Variable Default Value Purpose
AZUREML_LOG_LEVEL INFO Sets the Logging level
AML_DBG_MODEL_INFO None Debug Model logging will take place if this is true
AML_APP_INSIGHTS_ENABLED None Enables Appinsights
AML_APP_INSIGHTS_KEY None Key to user AppInsights
AML_APP_INSIGHTS_ENDPOINT https://dc.services.visualstudio.com/v2/track Endpoint of AppInsights
AML_MODEL_DC_STORAGE_ENABLED None Enables Model Data Collection
HOSTNAME None Container name
WORKSPACE_NAME None User workspace name

Network configuration:

  • Gunicorn: This is the static network configuration for base image.

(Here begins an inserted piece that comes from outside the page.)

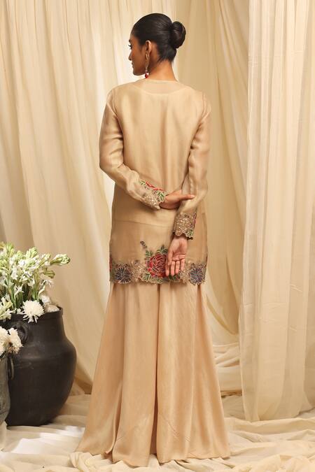 Beige jacket featuring floral embroidery and a front opening. Paired with a matching sharara and inner.

  • Server socket: 127.0.0.1:31311. This defines where the server will be run by gunicorn.

  • Nginx:

    • The server listens on port 5001 and sets the proxied server to port 31311
Variable Value Purpose
proxy_pass http://127.0.0.1:313111 Sets the protocol and address of a proxied server.
proxy_connect_timeout 1000s Defines a timeout for establishing a connection with a proxied server.
proxy_read_timeout 1000s Defines a timeout for reading a response from the proxied server.
client_max_body_size 100m Sets the maximum allowed size of the client request body.

CORS Support:

Cross-origin resource sharing is a way to allow resources on a webpage to be requested from another domain. CORS works via HTTP headers sent with the client request and returned with the service response. For more information on CORS and valid headers, see Cross-origin resource sharing in Wikipedia.

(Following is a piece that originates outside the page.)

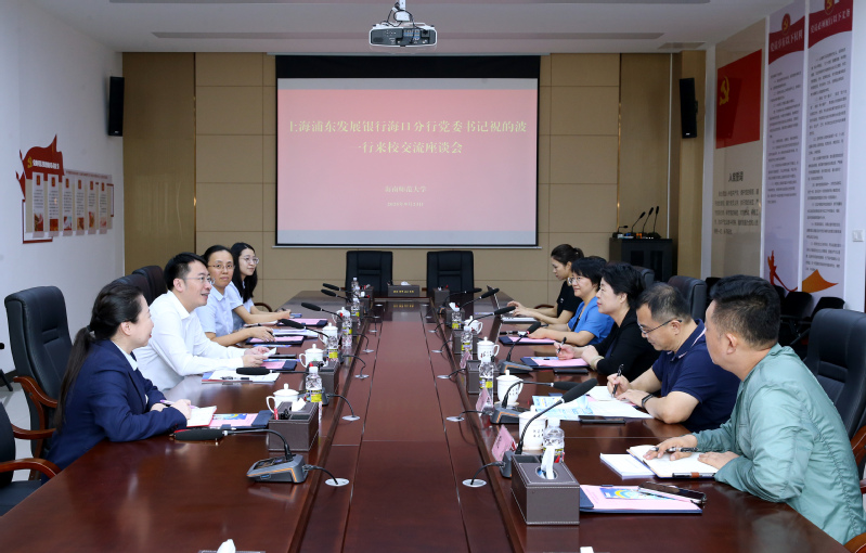 9月23日上午,上海浦东发展银行海口分行党委书记祝的波到访我校,就深化银校合作、促进人才培养进行交流洽谈。座谈会在桂林洋校区第一公共楼一楼党建活动室举行。校党委书记许玫出席并主持会议。

Users can specify the domains allowed for access through the AML_CORS_ORIGINS environment variable, as a comma separated list of domains, such as www.microsoft.com, www.bing.com. While discouraged, users can also set it to * to allow access from all domains. CORS is disabled if this environment variable is not set.

Existing usage to employ @rawhttp as a way to specify CORS header is not affected, and can be used if you need more granular control of CORS (such as the need to specify other CORS headers). See here for an example.

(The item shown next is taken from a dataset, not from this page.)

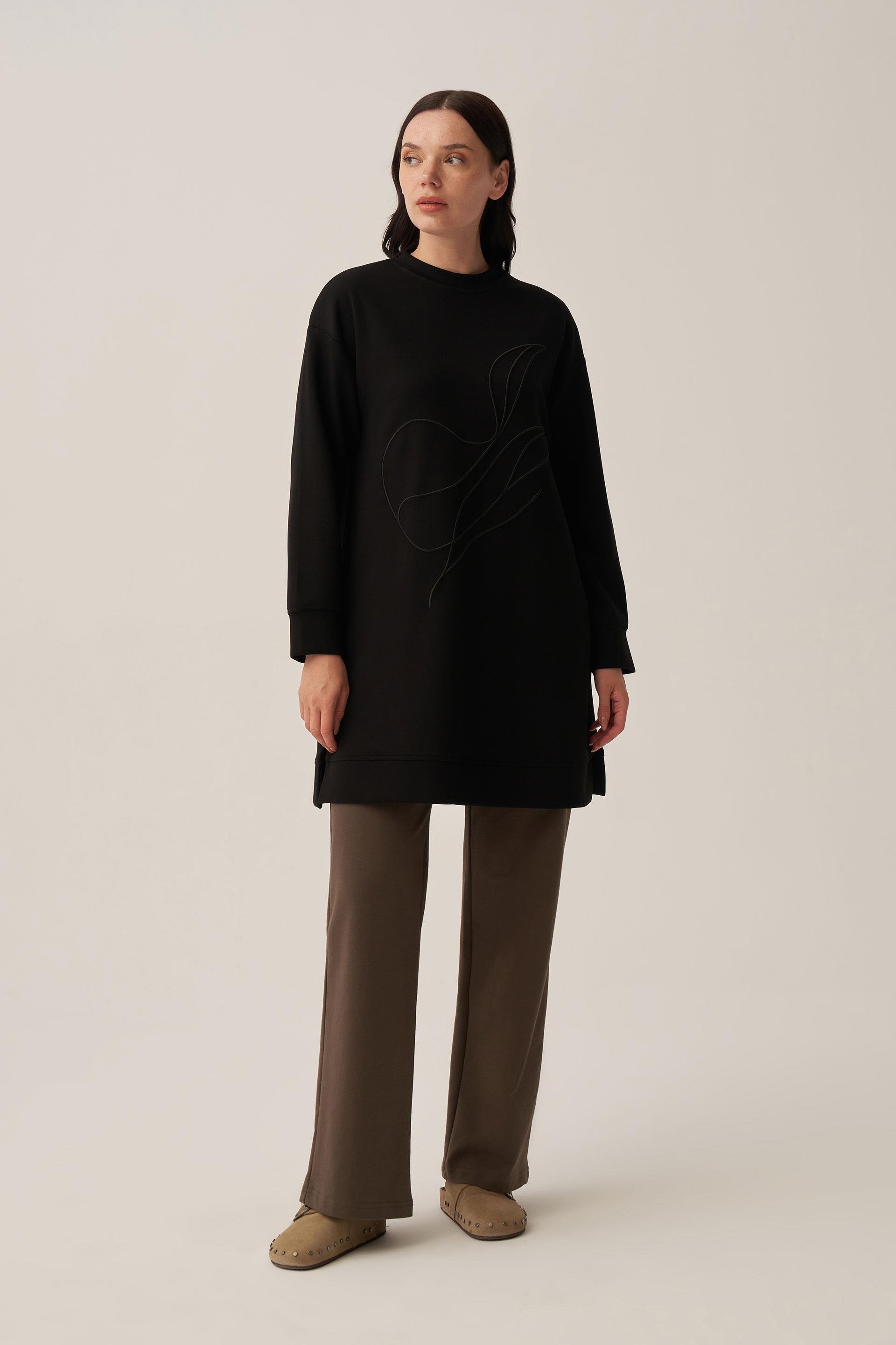 Siyah-Yumuşak Dokulu Nakışlı  Sweatshirt

Load Server Config from JSON:

Server supports the loading of the config using a json file. Config file can be specified using:

  1. The env variable AZUREML_CONFIG_FILE (the absolute path to the json configuration file).
  2. CLI parameter --config_file.

Note:

  1. All the paths mentioned in the config.json (configuration file) should be absolute path.
  2. Priority: CLI > ENV Variable > config file

config.json will be searched in below locations by default if config file is not provided explicitly using env variable/CLI paramter:

  1. AML_APP_ROOT directory
  2. Directory containing the scoring script

Config file will support only below keys:

Key Required Default Value
AML_APP_ROOT No "/var/azureml-app"
AZUREML_SOURCE_DIRECTORY No
AZUREML_ENTRY_SCRIPT Yes
SERVICE_NAME No "ML service"
WORKSPACE_NAME No ""
SERVICE_PATH_PREFIX No ""
SERVICE_VERSION No "1.0"
SCORING_TIMEOUT_MS No 3600 * 1000
AZUREML_LOG_LEVEL No "INFO"
AML_APP_INSIGHTS_ENABLED No False
AML_APP_INSIGHTS_KEY No None
AML_MODEL_DC_STORAGE_ENABLED No False
APP_INSIGHTS_LOG_RESPONSE_ENABLED No "True"
AML_CORS_ORIGINS No None
AZUREML_MODEL_DIR No False
HOSTNAME No "Unknown"
AZUREML_DEBUG_PORT No None

The code for the config can be found here: config.py.

Sample config.json:

{
      "AZUREML_ENTRY_SCRIPT": "/mnt/d/tests/manual/default_score.py"
      "AML_CORS_ORIGINS": "www.microsoft.com ",
      "SCORING_TIMEOUT_MS": 6000,
      "AML_APP_INSIGHTS_ENABLED": true
}